Conceptual explanation of Linear Transformations or Linear Maps: Linear Algebra
Introduction
Linear maps, also known as linear transformations, are a fundamental concept in linear algebra. They are functions that map one vector space to another while preserving the operations of vector addition and scalar multiplication. Refer to the previous post. It plays a crucial role in many areas of mathematics, physics, and engineering.
In physics, Linear maps are used to model the behavior of systems under different conditions, and in engineering, they are used to design control systems and signal-processing algorithms. In computer science, linear maps are used in image processing, machine learning, and data compression.

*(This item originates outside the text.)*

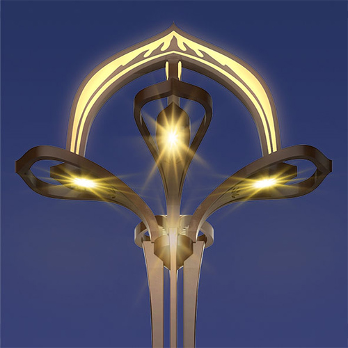 層花瓣邊緣處安裝了RGB LED裝飾光源,彎曲造型,線條柔美流暢;外層盛開花瓣的正

They are also used in cryptography to encrypt and decrypt messages.
In data science, linear maps are widely used in a variety of tasks such as PCA, LDA, Linear Regression, Linear Classifiers, Linear Dimensionality Reduction, Image compression, and so on. this article, we will explore the basic properties of linear maps and investigate a few of the Data science tasks in detail in the coming section below:
What is a linear map?
A linear map, denoted by T, is a function that maps vectors in a vector space V to vectors in a vector space W.
It is defined by a set of rules that specify how to transform each vector in V into a corresponding vector in W.
Example: Given a vector x in V, the linear map T will map it to a vector y in W according to the rule T(x) = Ax, where A is a matrix. This matrix is called the matrix representation of the linear map T.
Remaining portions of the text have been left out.